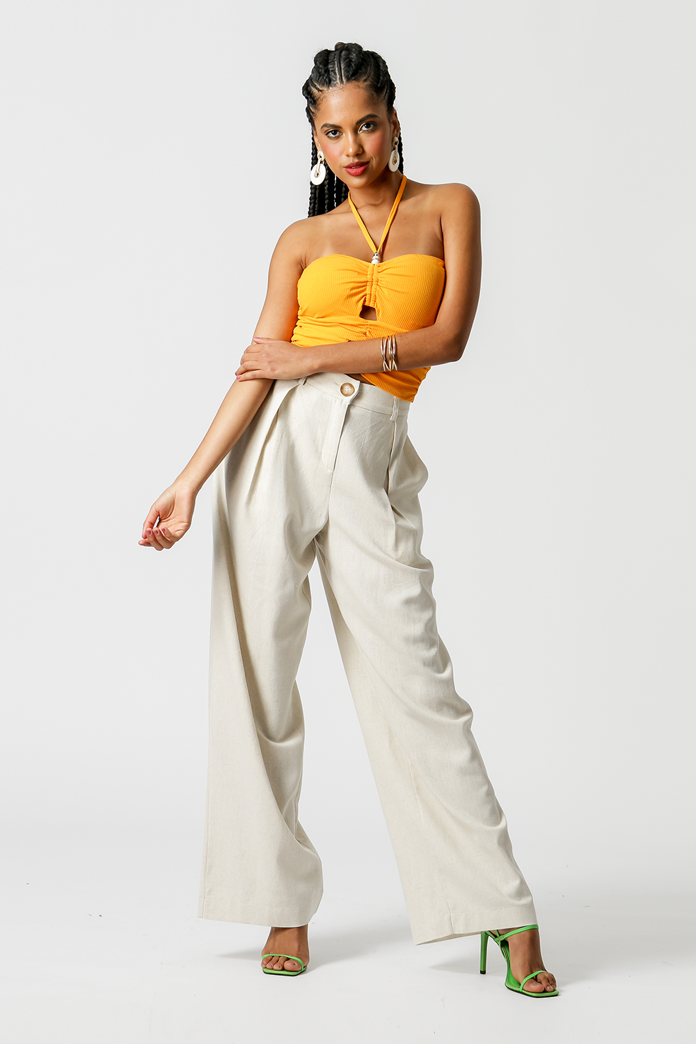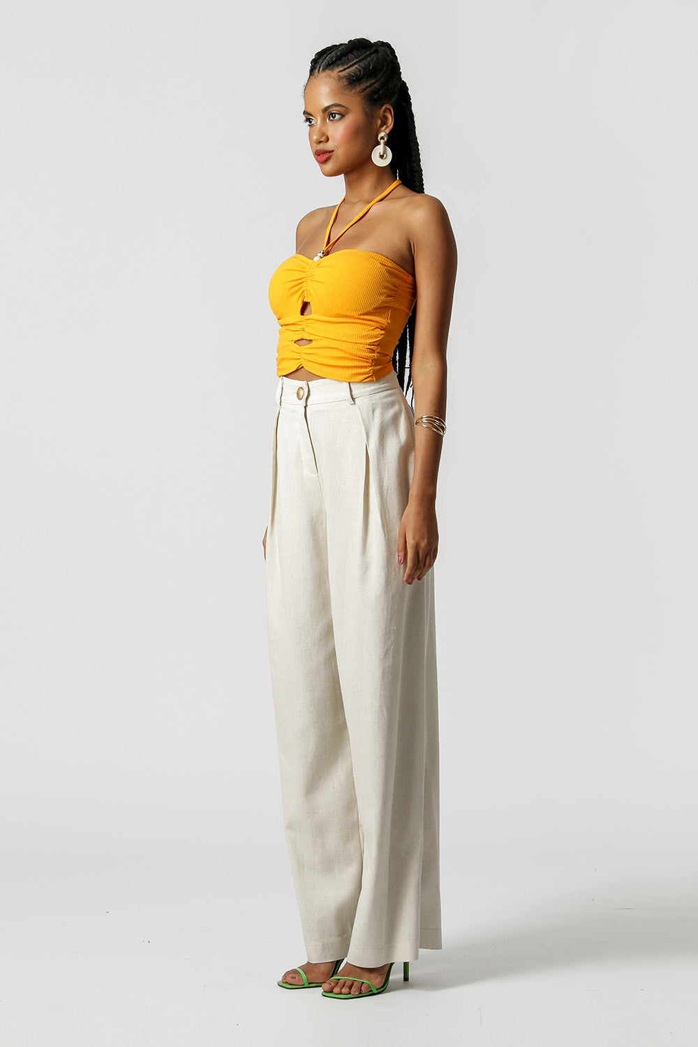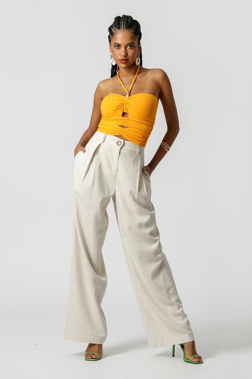 Top corto de corte ajustado al cuerpo, confeccionado en punto canalé. Modelo todo fruncido, con cortes, tirantes finos con detalles en los tirantes y lleva copa. Pieza de tendencia que le dará un toque diferente a tu look de verano.
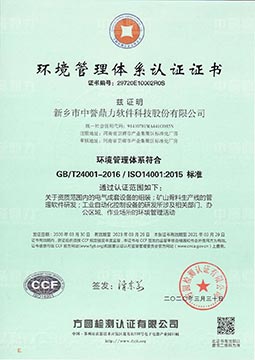 環(huán)境管理體系認證證書
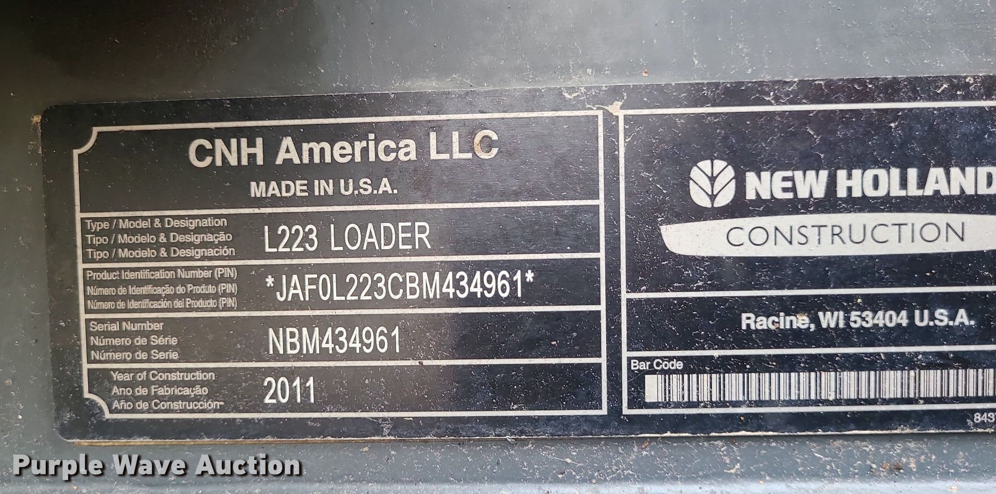 Purple Wave is selling a used Skid Steer Loader in Missouri. This item is a 2011 New Holland L223 skid steer loader with the following: Hours: 936 on meter, Serial: JAF0L223CBM434961
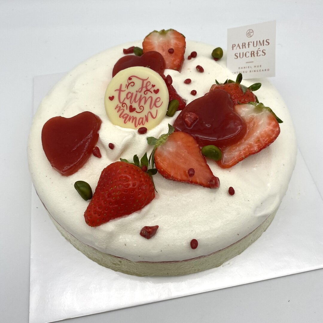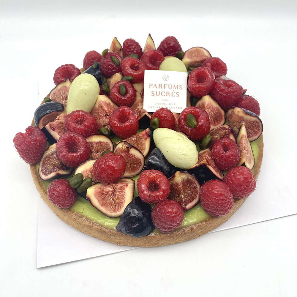 Sablé breton, crème au choix : vanille / chocolat / framboise / fruit de la passion, décor de fruits rouges ou fruits jaunes, macarons et fleurs
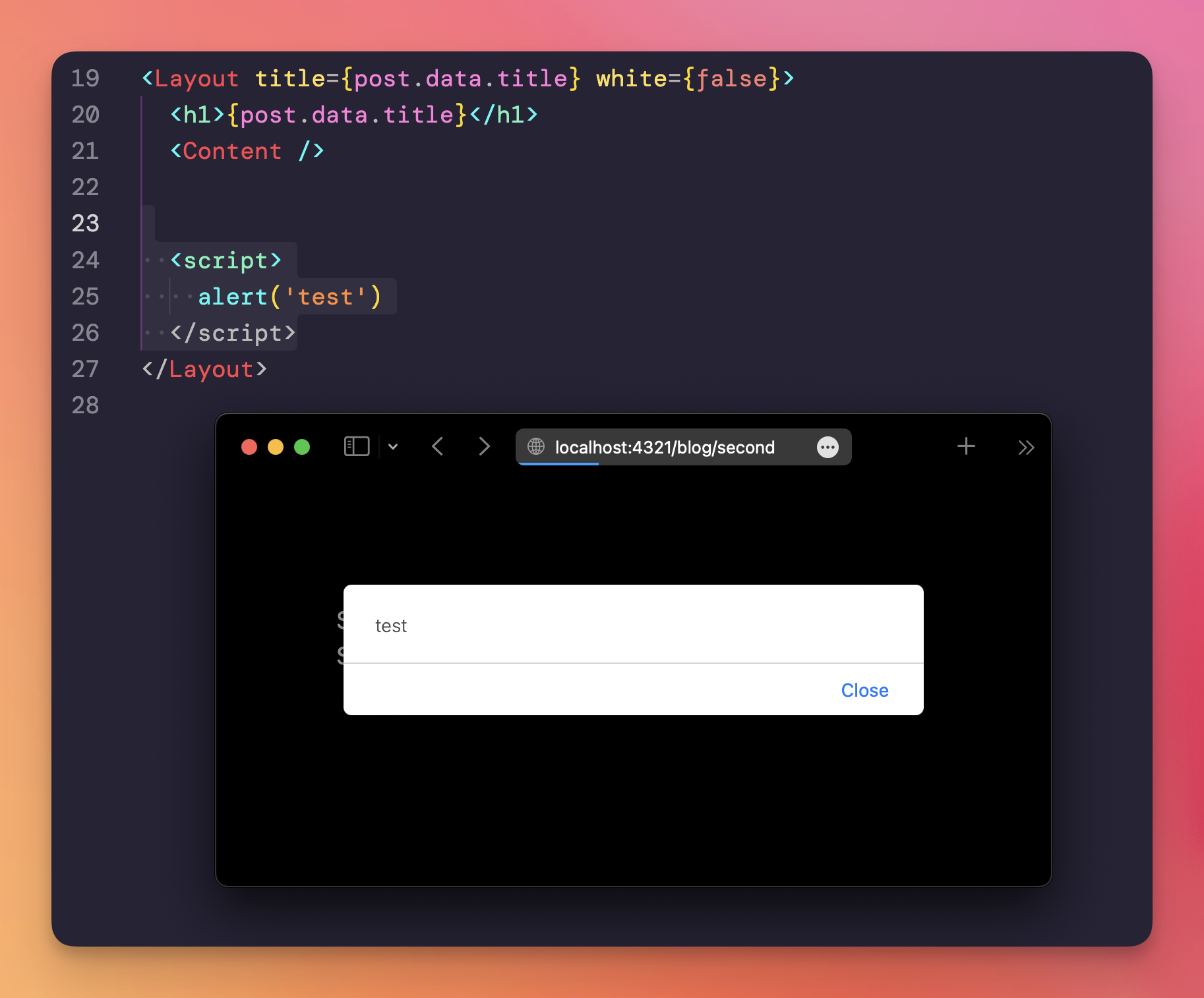 It’s important to note that Astro processes this code and, for example, if you include it in a component that’s reused multiple times, the code is only executed once.
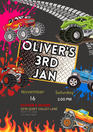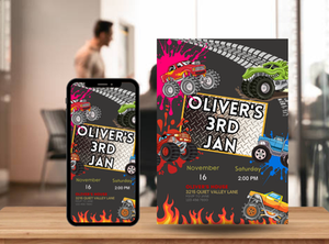 Start Your Engines for an Epic Birthday Bash with Our Monster Truck Jam Digital Invitation! 🚛💥🎉
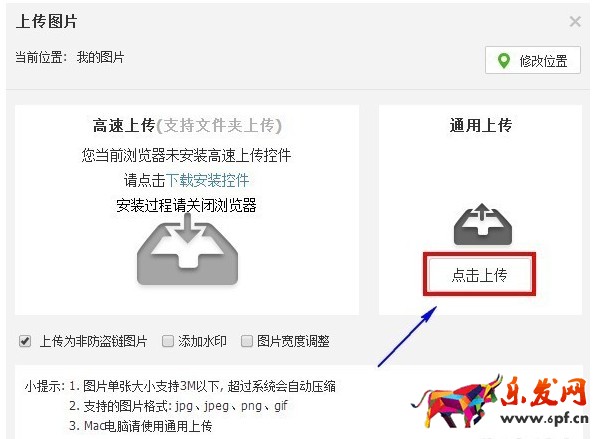 圖片的上傳是通過圖片空間進行,那么我們直接點擊“上傳圖片”了。
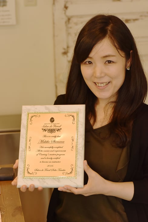 フルーツ・ソープ各50レッスン、計100レッスンを修了された大江さんに、先日ディプロマを発行させていただきました。
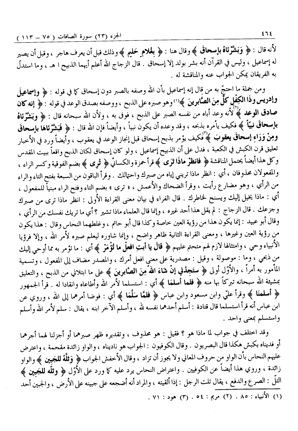 لِأَنَّهُ قَالَ: وَبَشَّرْناهُ بِإِسْحاقَ وَقَالَ هُنَا: بِغُلامٍ حَلِيمٍ وَذَلِكَ قَبْلَ أَنْ يَعْرِفَ هَاجَرَ، وَقَبْلَ أَنْ يَصِيرَ لَهُ إِسْمَاعِيلُ، وَلَيْسَ فِي الْقُرْآنِ أَنَّهُ بُشِّرَ بِوَلَدٍ إِلَّا إِسْحَاقَ. قَالَ الزَّجَّاجُ اللَّهُ أَعْلَمُ أَيُّهُمَا الذَّبِيحُ اه، وَمَا اسْتَدَلَّ بِهِ الْفَرِيقَانِ يُمْكِنُ الْجَوَابُ عَنْهُ وَالْمُنَاقَشَةُ لَهُ.

* _Problem to solve_:
An exact copy of the listing above is to be set down, with no pictures in it.

* _Output for this exercise_:
 Top corto de corte ajustado al cuerpo, confeccionado en punto canalé. Modelo todo fruncido, con cortes, tirantes finos con detalles en los tirantes y lleva copa. Pieza de tendencia que le dará un toque diferente a tu look de verano.
 環(huán)境管理體系認證證書
 Purple Wave is selling a used Skid Steer Loader in Missouri. This item is a 2011 New Holland L223 skid steer loader with the following: Hours: 936 on meter, Serial: JAF0L223CBM434961
 Sablé breton, crème au choix : vanille / chocolat / framboise / fruit de la passion, décor de fruits rouges ou fruits jaunes, macarons et fleurs
 It’s important to note that Astro processes this code and, for example, if you include it in a component that’s reused multiple times, the code is only executed once.
 Start Your Engines for an Epic Birthday Bash with Our Monster Truck Jam Digital Invitation! 🚛💥🎉
 圖片的上傳是通過圖片空間進行,那么我們直接點擊“上傳圖片”了。
 フルーツ・ソープ各50レッスン、計100レッスンを修了された大江さんに、先日ディプロマを発行させていただきました。
 لِأَنَّهُ قَالَ: وَبَشَّرْناهُ بِإِسْحاقَ وَقَالَ هُنَا: بِغُلامٍ حَلِيمٍ وَذَلِكَ قَبْلَ أَنْ يَعْرِفَ هَاجَرَ، وَقَبْلَ أَنْ يَصِيرَ لَهُ إِسْمَاعِيلُ، وَلَيْسَ فِي الْقُرْآنِ أَنَّهُ بُشِّرَ بِوَلَدٍ إِلَّا إِسْحَاقَ. قَالَ الزَّجَّاجُ اللَّهُ أَعْلَمُ أَيُّهُمَا الذَّبِيحُ اه، وَمَا اسْتَدَلَّ بِهِ الْفَرِيقَانِ يُمْكِنُ الْجَوَابُ عَنْهُ وَالْمُنَاقَشَةُ لَهُ.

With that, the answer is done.